GIVEN DATA
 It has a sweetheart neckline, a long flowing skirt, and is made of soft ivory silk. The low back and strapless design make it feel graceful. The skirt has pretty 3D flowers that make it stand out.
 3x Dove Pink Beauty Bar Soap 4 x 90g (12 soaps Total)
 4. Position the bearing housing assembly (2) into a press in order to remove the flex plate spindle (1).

* * *

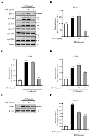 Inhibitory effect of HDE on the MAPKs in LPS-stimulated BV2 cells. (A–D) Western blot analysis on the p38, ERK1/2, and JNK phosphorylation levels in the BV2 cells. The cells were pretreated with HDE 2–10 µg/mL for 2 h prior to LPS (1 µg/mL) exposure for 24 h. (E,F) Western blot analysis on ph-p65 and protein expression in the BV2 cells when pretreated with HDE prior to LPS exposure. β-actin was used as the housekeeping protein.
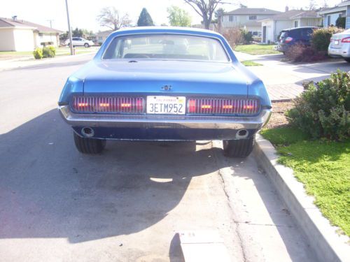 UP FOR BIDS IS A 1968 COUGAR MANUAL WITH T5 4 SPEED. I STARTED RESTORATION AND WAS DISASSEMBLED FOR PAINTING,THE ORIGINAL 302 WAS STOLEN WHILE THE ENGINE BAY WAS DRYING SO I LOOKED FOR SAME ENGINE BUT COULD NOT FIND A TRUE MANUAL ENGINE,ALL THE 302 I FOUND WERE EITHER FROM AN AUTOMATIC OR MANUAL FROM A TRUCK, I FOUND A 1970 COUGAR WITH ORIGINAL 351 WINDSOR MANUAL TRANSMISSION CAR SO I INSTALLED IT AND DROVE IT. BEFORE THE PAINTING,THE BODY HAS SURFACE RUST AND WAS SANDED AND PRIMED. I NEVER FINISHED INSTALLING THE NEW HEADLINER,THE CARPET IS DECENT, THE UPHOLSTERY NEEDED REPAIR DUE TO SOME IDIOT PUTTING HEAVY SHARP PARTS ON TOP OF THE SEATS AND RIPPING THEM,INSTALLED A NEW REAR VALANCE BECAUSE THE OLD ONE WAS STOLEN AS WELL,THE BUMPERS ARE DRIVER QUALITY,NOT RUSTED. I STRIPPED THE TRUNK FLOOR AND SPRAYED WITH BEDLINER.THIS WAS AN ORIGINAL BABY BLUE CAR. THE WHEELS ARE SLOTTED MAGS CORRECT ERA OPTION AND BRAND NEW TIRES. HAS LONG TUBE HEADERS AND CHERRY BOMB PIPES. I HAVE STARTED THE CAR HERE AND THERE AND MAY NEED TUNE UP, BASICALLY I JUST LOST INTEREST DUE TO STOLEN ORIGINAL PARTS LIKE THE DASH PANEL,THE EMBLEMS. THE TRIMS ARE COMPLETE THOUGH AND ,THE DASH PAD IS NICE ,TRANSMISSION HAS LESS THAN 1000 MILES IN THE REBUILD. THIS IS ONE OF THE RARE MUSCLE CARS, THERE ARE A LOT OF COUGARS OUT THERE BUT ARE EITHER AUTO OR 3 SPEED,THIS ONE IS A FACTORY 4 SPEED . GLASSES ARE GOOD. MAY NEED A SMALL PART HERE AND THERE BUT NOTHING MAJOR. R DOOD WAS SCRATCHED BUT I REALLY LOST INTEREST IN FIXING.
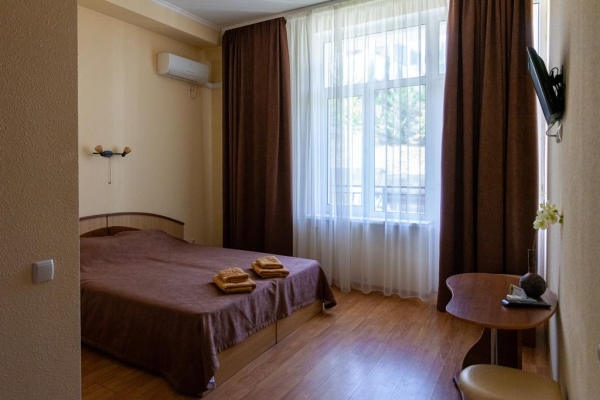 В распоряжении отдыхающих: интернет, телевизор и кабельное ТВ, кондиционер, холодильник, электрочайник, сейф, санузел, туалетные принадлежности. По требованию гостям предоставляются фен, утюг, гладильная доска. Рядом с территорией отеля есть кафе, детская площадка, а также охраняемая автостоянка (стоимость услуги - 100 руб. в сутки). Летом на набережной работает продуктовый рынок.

YOUR GOAL
Above are the entries. Copy exactly the part that opens with the line containing "It has a sweetheart" and closes with the line containing "3x Dove Pink", and no more.

THE ANSWER
 It has a sweetheart neckline, a long flowing skirt, and is made of soft ivory silk. The low back and strapless design make it feel graceful. The skirt has pretty 3D flowers that make it stand out.
 3x Dove Pink Beauty Bar Soap 4 x 90g (12 soaps Total)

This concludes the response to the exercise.